= Achereshki =

Village in Kurchaloyevsky District, Russia

Achereshki (Ачерешки, Ачаршка, Açarşka), also spelled as Achireshki, is a rural locality (a selo) in Kurchaloyevsky District, Chechnya.

== Administrative and municipal status ==
Municipally, Achereshki is incorporated into Regitinskoye rural settlement. It is one of four settlements included in it.

== Geography ==

Map of Kurchaloyevsky District. Achereshki (not shown) is near to Regita ("Регита")

Achereshki is located on the left bank of the Gums River.
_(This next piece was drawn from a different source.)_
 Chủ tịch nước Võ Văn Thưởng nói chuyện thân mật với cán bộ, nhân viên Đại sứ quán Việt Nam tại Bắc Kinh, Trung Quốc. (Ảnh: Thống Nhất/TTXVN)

It is 17 km south-east of the town of Kurchaloy and is 57 km south-east of the city of Grozny.

The nearest settlements to Achireshki are Khidi-Khutor in the north, Koren-Benoy in the north-east, Enikali in the south-east, Guni in the south-west, Marzoy-Mokhk in the west, and Regita in the north-west.

== History ==
The exact date of Achereshki being founded is unknown, but it is presumed that it was approximately in 1810.

In 1944, after the genocide and deportation of the Chechen and Ingush people and the Chechen-Ingush ASSR was abolished, the village of Regita was renamed to Antsukh, and settled by Avars from the Georgian SSR.
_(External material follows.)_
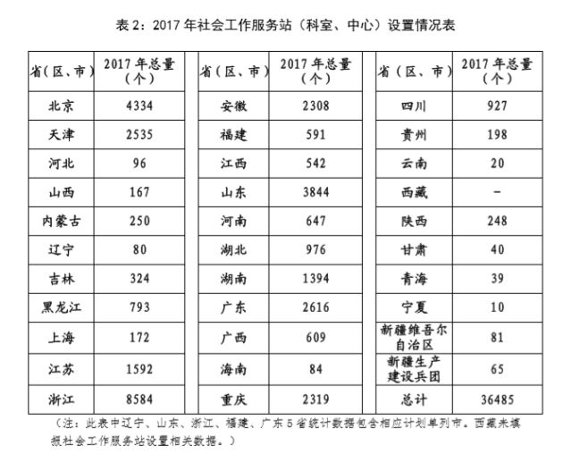 截至2017年底,各地在城乡社区、相关事业单位和社会组织等共设置社会工作服务站(科室、中心)36485个。

In 1958, after the Vaynakh people returned and the Chechen-Ingush ASSR was restored, the village regained its old Chechen name, Achereshki. The Avar people were resettled back to the Georgian SSR, in the village of Tivi (Gurgin-Rosu).

== Population ==
- 1990 Census: 242
- 2002 Census: 482
- 2010 Census: 252
- 2019 estimate: ?

According to the results of the 2010 Census, the majority of residents of Achereshki were ethnic Chechens.